For me, this connected to the day before. I drove to the beach with two adult friends, and with my son, Simon, and his small friend. We sat in brutal traffic; and several people bypassed the line completely, cutting in at the last moment. I kept myself in check, but this infuriated me. I tried my damnedest to keep these rogue drivers out of the line, mostly without success. My face was contorted with anger and my speech peppered with kid-friendly expletives, such as Mr. Peepee Head, Tinkleface and Doodieball.
Later, Simon grew tired. He is four now, and very determined to direct himself. When it was time to change and pack our things to go, he became defiant. Instead of taking the time to work with him, I grew exasperated and mean. My voice got hard, I pulled him to the water to wash sand off while he cried. After an ice cream treat, I insisted that he throw his own trash away, again dragging him when he refused. We repaired shortly after, but I felt sad and ashamed that I had been so unkind with him. As we were pulling out of the parking lot, some people walked behind the car. One of the adult friends said, “Oh, screw it. You might as well hit them! We’ve already seen your angry side today.” In my mind later, I was tempted to be defensive. At dance, I felt instead gratitude to him for planting this seed.

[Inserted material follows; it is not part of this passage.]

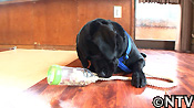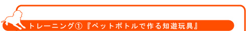 底をあけたペットボトルにロープを通し、結び目を作って抜けないようにしたらまた塞ぎ、その中にモロヘイヤクッキーを入れる。 犬がロープを上下に動かしたり、転がすことでクッキーが出てくるので、遊びながらおやつが食べられる。普段、家の中では全く動かない犬たちの家庭内エクササイズとして効果的。

I have worked through so much anger in my life, that sometimes I am tempted to fool myself into thinking I have conquered it. Not so. This dance helped remind me that I have considerable work to do. I don’t aspire to eliminate anger, but to relate to my experience of anger in a way that allows me to avoid causing harm from an angry state, such as I did with my cherished little boy yesterday at the beach.

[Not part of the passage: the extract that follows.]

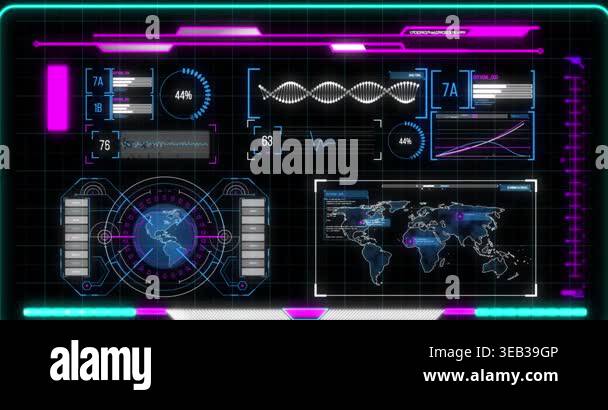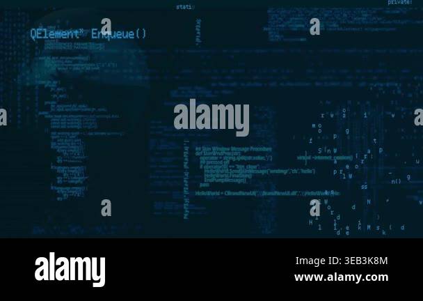 Animation of data processing over black background. programming, data ...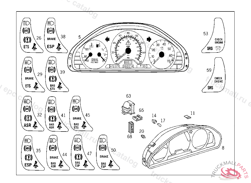INSTRUMENT CLUSTER160 MPH/260 KM/H, ATTENTION!!! SPARE PART MUST BE CODED WITH HAND-HELD TESTER AFTER INSTALLATION IN VEHICLE! PART IS ONLY OR ALSO SUPPLIED AS RECONDITIONED PART A 698508 X 012426 EXCEPT CODE 808 ALSO INSTALLED IN VEHICLE TO A 698507, X 012425 WITH CODE 809

Today, I could look at this without making excuses; and, at once, without self-abuse.
Toward the end of class, I found myself inside a trance. A gentle breeze blew through my body, coiling softly around my spine. A circle formed at the top of my head and guided me in movement. I saw and felt the energy of my own body, connecting with the energy of the earth and with the space of the universe. As the music slowed and stopped, I started to sob quietly—with heaving, jagged breaths. My sister—dancing in the same room for the first time in months—gently embraced me and rocked me while the sobs subsided.
In the end, although I wasn’t conscious that I had skipped over Staccato in the first wave, there was an emotional lesson I needed to take in that I wasn’t available to until I found the deep Staccato of the second wave.
Tammy gathered us together again. I made my way to sitting, bleary with snot and tears, and quickly returned to the beauty of a blue-skied Sunday, the day of a full moon and indeed a super moon—when the moon is unusually close to the earth, perhaps bringing its glowing celestial body close enough to kiss.